Par ailleurs, nous avons mentionné en introduction la notion de "Communauté élue",


les musulmans donc, que le Coran qualifierait de « meilleure communauté suscitée
parmi les hommes ». Ceci serait effectivement en contradiction avec l’ensemble des
postulats coraniques que nous venons succinctement d’évoquer. De manière
caractéristique, nous avons là le parfait exemple d’une manipulation exégétique du
Coran, car le verset ainsi mis au service du point de vue de l’islam dit précisément :
« Vous étiez la meilleure communauté suscitée parmi les hommes, vous ordonniez le
bien et condamniez le blâmable et vous croyiez en Dieu. Si les Gens du Livre
croyaient vraiment, cela serait meilleur pour eux, il y a parmi eux des croyants et
nombre de déviants. » S3.V110. À l’évidence, ce verset parle des juifs et des
chrétiens et les appelle à revenir à la voie droite qui avait fait d’eux la meilleure
communauté de croyants ! Peu avant dans cette sourate, ce rappel est aussi adressé
aux musulmans : « Qu’il y ait parmi vous une communauté qui appelle au bien et
condamne le blâmable, car ce sont eux les bienheureux », v104. Ce sont donc en
réalité selon le Coran les croyants de ces trois religions qui sont invités à agir
vertueusement au nom de leur foi en Dieu, telle est leur égalité et aucun ne forme
une quelconque communauté élue. Au final, le message du Coran invite tous les
croyants à revenir à la notion d’un Dieu Unique et à abandonner l’erreur de toutes
les religions pour lesquelles Il est seulement et uniquement leur Dieu.

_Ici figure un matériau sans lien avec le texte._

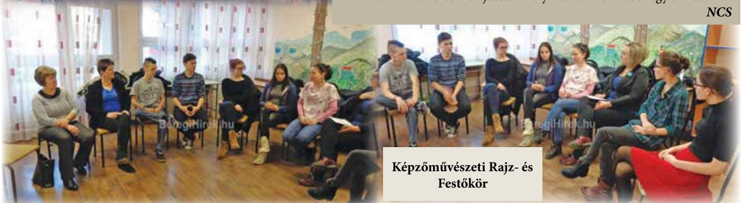
Képzőművészeti Rajz- és Festőkör

Nous l’aurons constaté, sur des points aussi essentiels, le Coran n’est pas l’islam, la
confusion herméneutique règne et il y a loin de la coupe aux lèvres. Le Dieu de
l’islam n’est pas le Dieu du Coran. L’islam n’est pas le contenu plus ou moins
développé du Coran, mais une suite d’interprétations et de surinterprétations du texte
coranique que les aléas de l’histoire (notamment les enjeux politiques des moments
abbassides et omeyyades) ont promulguées au rang de religions orthodoxes ou
hétérodoxes selon le point de vue de chacun, car il existe de nombreux islams. L’on
peut effectivement faire un choix interprétatif personnel en la nébuleuse des propos
de l’islam. C’est une première solution, il y a un islam de tempérance, de miséricorde,
de tolérance, un islam spirituel, un islam rituel, un islam des lumières, un islam de
guerre, un islam de patience et un islam de violence. Mais face à ces barbares
nihilistes qui massacrent et nous massacrent au nom de l’islam, il ne peut que
demeurer un espace de doute. Une zone d’ombre qui taraude la conscience des
musulmans refusant cette horreur, sans pour autant pouvoir se prouver et prouver que
leur religion en quelques de ses méandres textuels ne fournisse pas d’argument à ces
légions de criminels. Afin de crever l’abcès qui les gangrène, les musulmans doivent
parcourir le chemin qui les amènera à une relation au monde, aux autres, purgée de
ce doux poison qui bu jusqu’à la lie provoquera dans d’effroyables affres la mort de
leur religion comme celle des autres. Et, pour ce faire, l’ultime recours est donc bien
le Coran qui sur ces points diffère radicalement. Rappelons-le, pour le Coran il n’y a
pas d’élection divine, pas d’exclusive du Salut, et la pluralité des religions et des
croyances n’a pour autre finalité que d’encourager toutes les sensibilités humaines à
adorer Dieu et à agir en bien.

Dr. C. A. Moreno, dit Al Ajamî ; Médecin, exégète et théologien.